La Commission européenne s’apprête à revoir en profondeur les règles de reporting social et environnemental. Objectif affiché : simplifier la vie des entreprises en réduisant la charge administrative. Mais derrière cette volonté de rationalisation, de nombreuses voix alertent sur un possible recul de la transparence et de la responsabilité des acteurs économiques.
Selon le projet en discussion, la directive CSRD (Corporate Sustainability Reporting Directive) ne s’appliquerait plus qu’aux groupes de plus de 1 000 salariés. Une inflexion majeure qui exclurait une très large majorité des sociétés européennes. Parallèlement, la directive sur la diligence raisonnée (CSDDD), qui devait obliger les entreprises à surveiller l’ensemble de leur chaîne d’approvisionnement, serait repoussée à 2028 et recentrée sur les seuls fournisseurs directs.
Ces ajustements représentent, selon Bruxelles, une économie de plusieurs milliards d’euros pour les entreprises. Mais ils pourraient aussi affaiblir la qualité des données ESG (environnement, social, gouvernance) sur lesquelles s’appuient investisseurs, régulateurs et consommateurs.
Au-delà des chiffres, c’est un choix de société qui se dessine. L’Union européenne veut-elle privilégier la compétitivité en assouplissant ses contraintes, au risque d’affaiblir son ambition climatique ? Ou maintenir un haut niveau d’exigence quitte à alourdir les coûts de conformité ?
Plusieurs questions demeurent en suspens :
- L’Europe peut-elle encore se présenter comme chef de file mondial de la transparence extra-financière si ses règles sont assouplies ?
- Cette réforme consacre-t-elle la victoire des lobbies économiques sur les engagements climatiques ?

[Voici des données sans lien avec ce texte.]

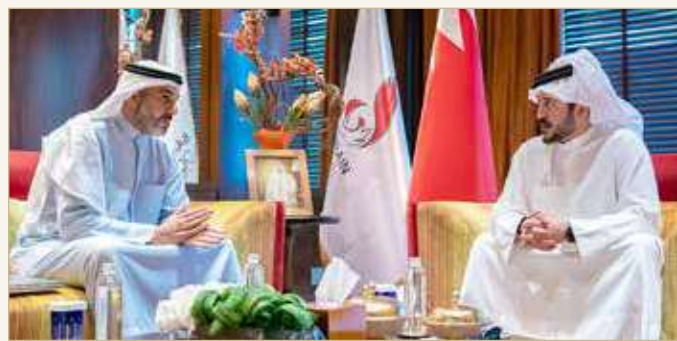
سمو الشيخ خالد بن حمد خلال لقائه محمد بن دعيح

الشيخ محمد بن دعيح آل خليفة في تنفيذ الخطط والبرامج للارتقاء برياضة # ذوي_العزيمة، لتواصل تحقيق المزيد من الإنجازات في المشاركات القارية والدولية. واطلع سموه على خطة اللجنة البارالمبية البحرينية للعام الجديد، والتي تتضمن مشاركات المنتخبات الوطنية، وكذلك الترتيبات والإجراءات التي ستقوم بها اللجنة لاستضافة وتنظيم دورة الألعاب البارالمبية الآسيوية للشباب في الفترة 1-10 ديسمبر 2021، متمنياً
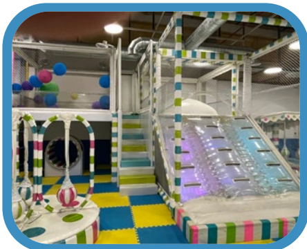
Combo globos y pompa
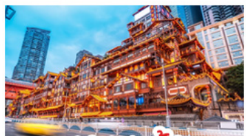
ตึกเซาตัง

อุทยานหลุมบ่อฟ้า - อุทยานเทานางฟ้า หงหยาดัง - นังรถไฟทะเลสาบ - อุทยานสี่ดรุณี ป่าผึ้งโกว - สะพานหนานเฉียว
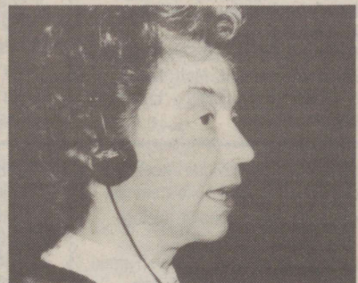
Age Raa: Nädala neljal öhtul räägime Eesti Poistekoorigest

- En excluant PME et ETI, n’instaure-t-on pas un système à deux vitesses, générateur de distorsions de concurrence ?
- Comment garantir la comparabilité et la fiabilité des données si le périmètre se réduit ?
- Enfin, quels risques contentieux et réputationnels pour les entreprises qui publieraient demain des données partielles ou trop générales ?
Derrière la réforme technique, c’est donc l’avenir du modèle européen de durabilité qui est en jeu.